A couple of months later, Carter used the solar panels as a prop to warn about the damage of "crippling dependence on foreign oil" and to assert that "there is simply no longer any question that solar energy is feasible and cost-effective."

Carter said his goal was for the country to generate 20 percent of its power from the sun and other renewable sources by 2000, with solar energy accounting for about a third of that. In January 1980, in today's dollars, home heating oil cost around $2.50 a gallon.

Most of Carter's ambitious tax-incentive plan went nowhere as energy prices plummeted and the Reagan administration, saying it was no longer handpicking new energy technologies for federal support, pulled the plug on alternative-energy programs and subsidies. The Reagan folks removed the White House solar panels in 1986. That winter, home heating oil was down to around $1.50 a gallon in today's dollars.

The energy-conscious Bush administration, however, had solar panels installed again in 2002 to provide electricity for the grounds, another set for hot water and another for the presidential pool.

"We thought if we were able to reduce our energy consumption, that was a positive step forward," National Park Service Architect James Doherty told the New York Times in early 2003.

Solar power now accounts for less than 1 percent of the nation's energy needs. Home heating oil in March was at $3.56 a gallon.

Hope for the Orange-Jumpsuit Set

Possible good news for the nation's convicted felons. The Justice Department, much criticized as running a creaky pardon program, has appointed Ronald L. Rodgers, head of its drug intelligence unit, as pardon attorney.

Rodgers replaces Roger Adams, who resigned last month after a lengthy investigation of his office by Justice's inspector general.

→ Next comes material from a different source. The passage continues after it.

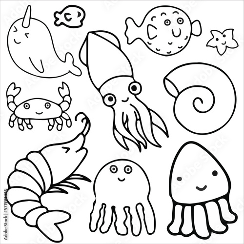 Sea animals doodle icon set vector illustration. Suitable for sticker pack, icon, logo and graphic design elements

Rodgers, who was a top-ranking military judge, may not have the warm-and-fuzzy background our felons might like. But he could bring order to a program that our former colleague George Lardner Jr ., now with the Center for the Study of the Presidency, recently reported to be "in complete disarray," with a huge backlog of 2,501 pardon requests at the beginning of this year.

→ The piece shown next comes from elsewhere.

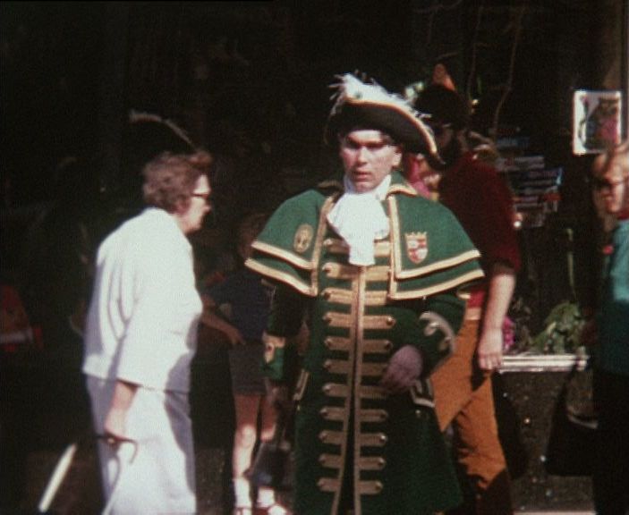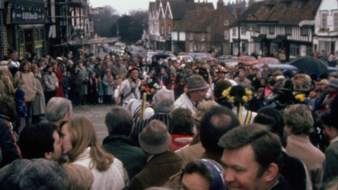 This amateur film tours rural Pinner Village during its celebratory Pinner Week festivities. The fourteenth-century parish church of St. John the Baptist is studied carefully, as are the Tudor buildings that are a prominent feature of the village. As the festival week gets underway, a young Bob Holness is seen judging the children’s fancy dress competition and there are doughnut and spaghetti eating contests.

Doubtless the vast majority will be denied -- they always are -- and, Lardner reports, Bush has been exceptionally loath to grant them. But this is the last year of the administration, Christmas is coming, and everyone's waiting to see if Bush, who commuted the prison sentence of former Cheney chief of staff I. Lewis "Scooter" Libby, will give him a full pardon.

On the Collaring of Criminals

Speaking of Libby's sentence reduction, U.S. District Judge Reggie B. Walton, who originally sentenced Libby to 2 1/2 years, raised some eyebrows when he questioned whether Bush's move had undercut the idea that justice should be equal.

Bush called Walton's sentence excessive, noting Libby's "exceptional public service" and clean record.

Walton, in an interview Tuesday with Milwaukee Journal Sentinel reporter John Diedrich, said Bush "has the authority and exercised it, and that is to be respected." But "the downside is there are a lot of people in America who think that justice is determined to a large degree by who you are and that what you have plays a large role in what kind of justice you receive . . . It is crucial that the American public respect the rule of law, or people won't follow it."

Walton said the penalty he gave Libby was at the low end of federal sentencing guidelines. "I don't give white-collar criminals a pass," he told the Journal Sentinel.

Research editor Alice Crites contributed to this column.